ICA(Data,OutputDimension=2,Contrastfunction="logcosh",

Alpha=1,Iterations=200,PlotIt=FALSE,Cls)

Arguments

Data

array of data: n cases in rows, d variables in columns, matrix is not symmetric or distance matrix, in this case matrix has to be symmetric

OutputDimension

Number of dimensions in the Outputspace, default=2

Contrastfunction

Maximierung der Negentropie ueber geeignete geeignete Kontrastfunktion Default: 'logcosh' G(u)=1/a*log cosh(a*u) 'exp': G(u)=-exp(u^2/2)

Alpha

onstant with 1<=alpha<=2 used in approximation to neg-entropy when fun == "logcosh"

Iterations

maximum number of iterations to perform.

PlotIt

Default: FALSE, If TRUE: Plots the projection as a 2d visualization.

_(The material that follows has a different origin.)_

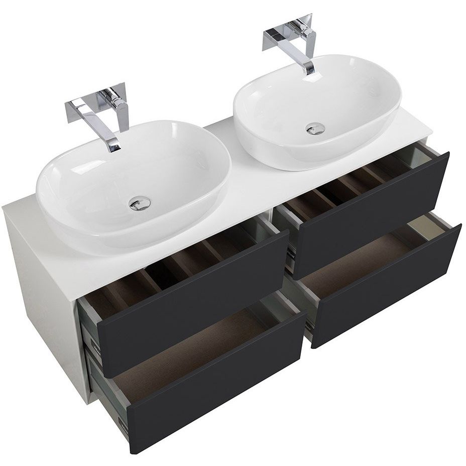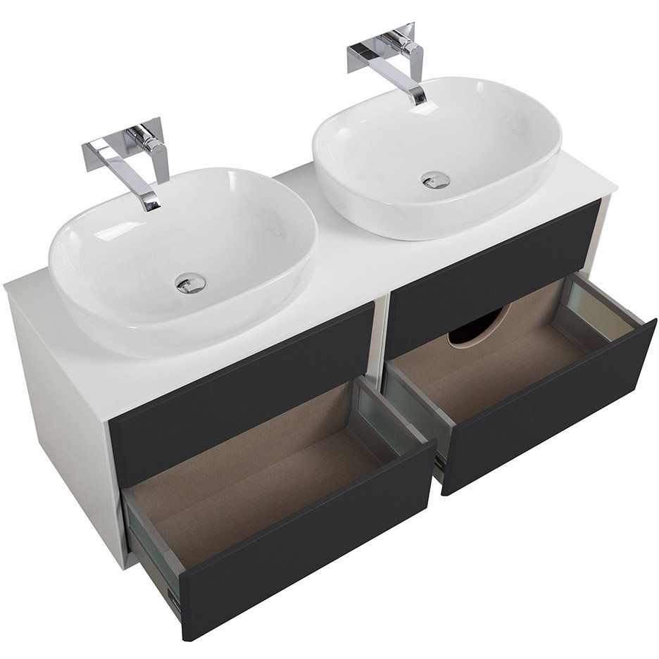 Важно помнить, что мебель поставляется в собранном виде. При выборе сифона следует учитывать конструктивные особенности тумбы и подбирать его индивидуально. Обратите внимание, что столешница не имеет отверстий под смеситель или умывальник, что позволяет вам самостоятельно выбрать их расположение в процессе монтажных работ.

OutputDimension>2: only the first two dimensions will be shown

Cls

[1:n,1] Optional,: only relevant if PlotIt=TRUE. Numeric vector, given Classification in numbers: every element is the cluster number of a certain corresponding element of data.

Value

ProjectedPoints

[1:n,OutputDimension], n by OutputDimension matrix containing coordinates of the Projectio

Mixing

[1:OutputDimension,1:d] Mischungsmatrix s.d gilt Data=MixingMatrix*ProjectedPoints

Unmixing

Entmischungsmatrix mit Data*Unmixing=ProjectedPoints

PCMatrix

pre-whitening matrix that projects data onto the first n.comp principal components.